L’humanité de l’homme correspondrait ainsi à son pouvoir de non aliénation, non soumission à un besoin. En d’autrs termes, le propre de l’homme serait de pouvoir gérer le manque et de ne pas se laisser dominer par l’exigence du besoin et la dictature du manque.
b
Déjà la vie la plus banale esquisse ce sacrifice : ce que l'on a appelé la " socialisation des besoins " suppose que le besoin se prête à l'action corrective exercée sur lui par les exigences d'une vie proprement humaine (coutumes, règles de politesse, programme de vie...).
L’expression de socialisation des besoins est vraisemblablement une expression de Marx, qui n’a pas tant pour but de reconduire la dénonciation marxiste de la façon dont la société organise la satisfaction du besoin (division et répartition économique capitaliste du travail dans les sociétés bourgeoises), que de montrer, chez R, que les modalités d’exploitation économique ont généralement été déterminées en fonction de ce pouvoir de refus de la dictature du besoin. Ainsi, les modalités d’organisation économique d’une société traduisent-elles la capacité des hommes à corriger et détourner les exigences immédiates de besoin impossible à satisfaire.
c
Mais c'est l'expérience du sacrifice qui est la plus révélatrice; les récits d'expéditions au pays de la soif ou de la faim, les témoignages de combattants sont la longue épopée de la victoire sur le besoin.
De façon analogue, le cas extrême des situations de confrontation au besoin immédiat (dans le cas des expéditions par exemple) révèle la logique de réaction de l’homme, qui est ainsi obligé de s’installer dans le refus de la dictature du besoin pour se faire homme et survivre à l’hostilité du monde qui l’entoure.
Partie 3
L'homme peut choisir entre sa faim et autre chose. La non-satisfaction des besoins peut non seulement être acceptée mais systématiquement choisie : tel qui eut sans cesse le choix entre une dénonciation et un morceau de pain préféra l'honneur à la vie; et Gandhi choisit de ne pas manger pour fléchir son adversaire.
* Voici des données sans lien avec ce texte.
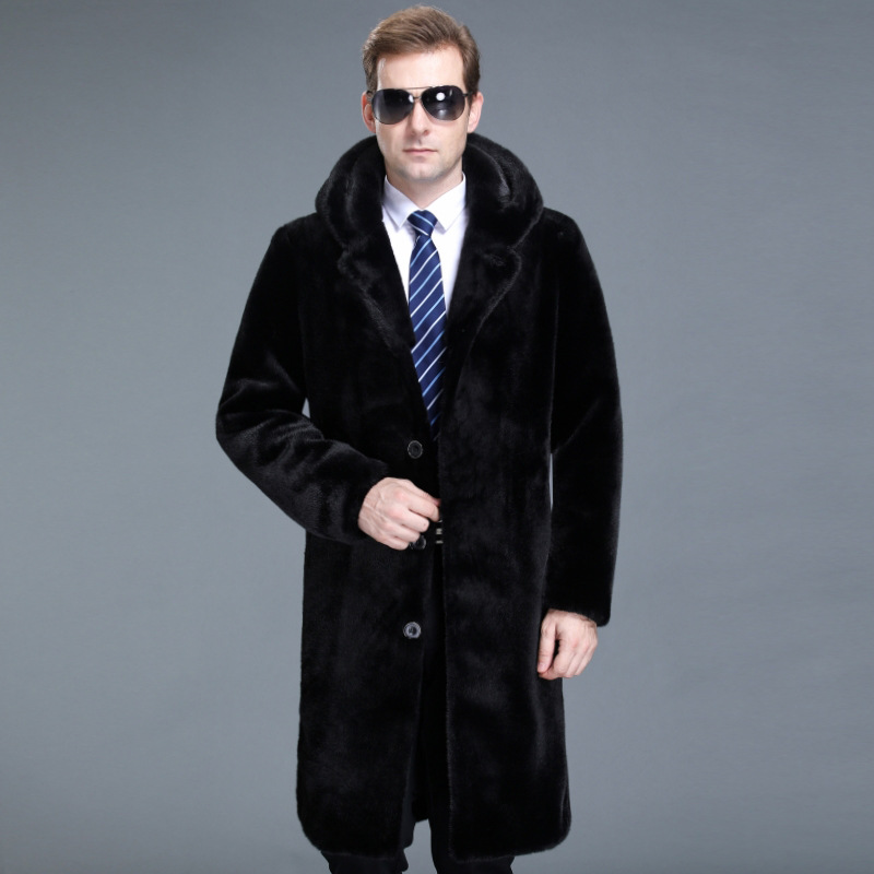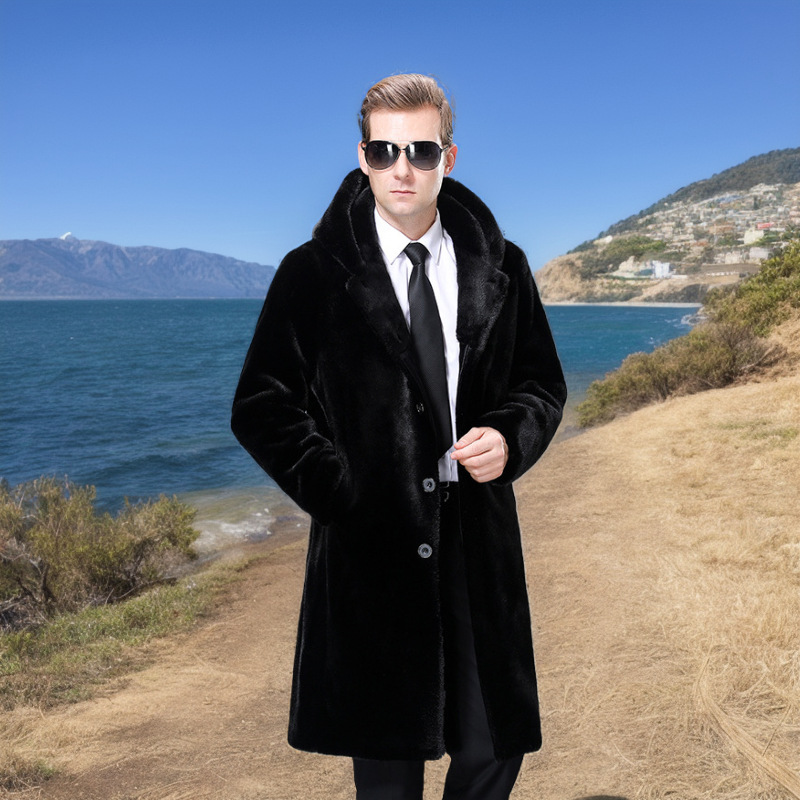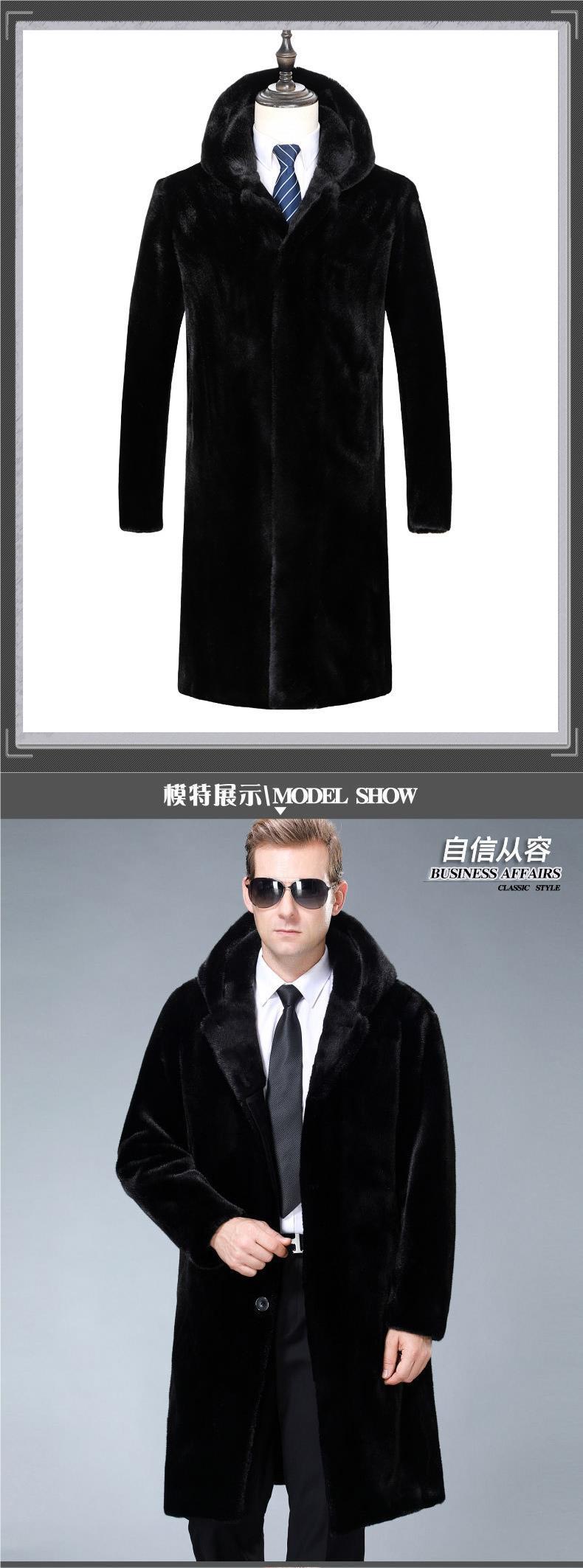 남성용 인조 밍크 코트, 가을 겨울 후드 양털 자켓, 트렌디한 남성 신사복
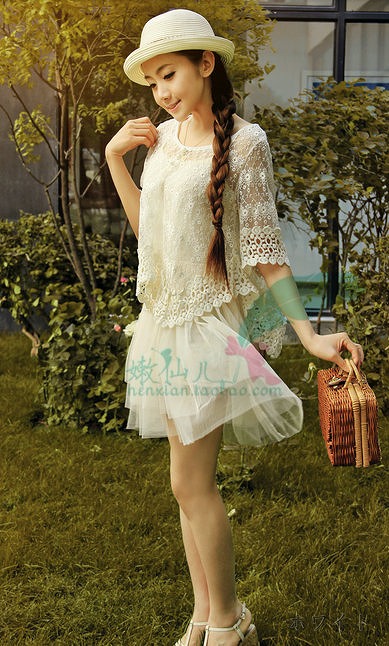 フラワーレースのトップスと、キャミチュールワンピースでフェミニン気分満点なSETワンピース♪

Ce que révèle alors ce refus de la soumission à un besoin est donc la liberté de l’homme, c’est-à-dire sa capacité à affirmer une indépendance et des valeurs contre l’ordre naturel des besoins.
b
La grève de la faim est sans doute l'expérience rare qui révèle la nature vraiment humaine de nos besoins comme, en un certain sens, la chasteté (monacale ou autre) constitue la sexualité en sexualité humaine.
Les exemples de grève de la faim ou de chasteté ont ici pour fonction d’éclairer la liberté humaine face aux besoins, et de montrer que cette liberté vient du refus d’une aliénation au besoin, refus souvent coûteux, mais à l’occasion duquel l’homme peut ainsi devenir homme et affirmer des valeurs et le sens de son existence.
c
Ces situations extrêmes sont fondamentales pour une psychologie de l'involontaire. Le besoin peut donc être un motif parmi d'autres.
R replace son analyse de la liberté face aux besoins dans une analyse de la psychologie de l’involontaire, c’est-à-dire de la structuration mentale proprement humaine devant l’extrême, qui permet ainsi de comprendre comme l’homme peut affirmer sa volonté par-delà ce qui la détermine. En d’autres termes, l’homme est toujours placé dans des situations involontaires (qu’il ne choisit pas) desquelles il peut se libérer en affirmant sa volonté propre.